Une petite muraille est sculptée dans la paroi de cette carrière de calcaire. Autrefois plus étendue, ce réseau fut rendu enclavé par de nombreuses injections de galeries dans le secteur, effectuées lors d’une vaste opération immobilière des années 70 et 80. Cette minuscule troglodyte sculptée, joliment ouvragée (on note jusqu’au détail de chaque moellon!) est certainement postérieure à l’isolement du réseau, et a été réalisée par d’autres visiteurs. La rosace est d’une extrême finesse. Cette sculpture est réalisée dans un front de taille, et plus précisément dans le souchet, là où le calcaire est le plus tendre et où débutait l’opération du souchevage, donnant une forme de banc que l’on aperçoit ici et forme le sol de ce château miniature… Le réseau de carrières alentour a été consolidé par l’Inspection Générale des Carrières au milieu du XIXe siècle.

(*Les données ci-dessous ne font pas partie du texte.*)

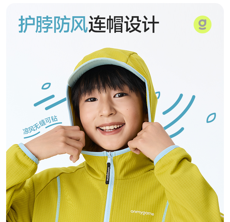 onmygame【空气感轻暖格纹】儿童外套防风抗静电连帽上衣25秋季新款

Un petit château dans l’eau, fantaisie sous Paris.
Certaines galeries recèlent des curiosités. Au détour de celle-ci, moderne en comparaison à l’ensemble des travaux parisiens de l’Inspection Générale des Carrières, un petit château dans l’eau a été construit par un amateur des galeries souterraines. Ce genre de Venise miniature donne tout son charme à l’endroit, qui nous fait oublier l’ambiance sombre de ces galeries maçonnées en pierre meulière. Le château dans l’eau, dans cette galerie inondée, donne une impression de fantaisie sous Paris.
Au détour d’une galerie maçonnée sinueuse, traversant d’anciennes carrières de calcaires sécurisées depuis 1777 par l’Inspection Générale des Carrières, on peut apercevoir d’étranges inscriptions. Celle ci signale la présence d’une ancienne galerie ayant été remblayée, bourrée, par les services de surveillance. Il est aussi intéressant de constater que cette rue Blottière n’existe plus en surface. La mémoire souterraine reste gravée. Ces travaux de remblaiement ont été entrepris par l’inspecteur Trémery, signé de la lettre T, en 1877.
Dans cette galerie est remarquable une hardie combinaison de consolidations différentes: une alternance d’arches et d’encorbellements, le tout dans une galerie en pente. Bien que ces deux styles de consolidation soient chacun assez répandus sous la ville de Paris, l’association entre les deux reste rarement observable et résultante d’une prouesse montrant la maîtrise des techniques de maçonnerie à cette époque. L’ouvrage, de 1869, est signé Trémery.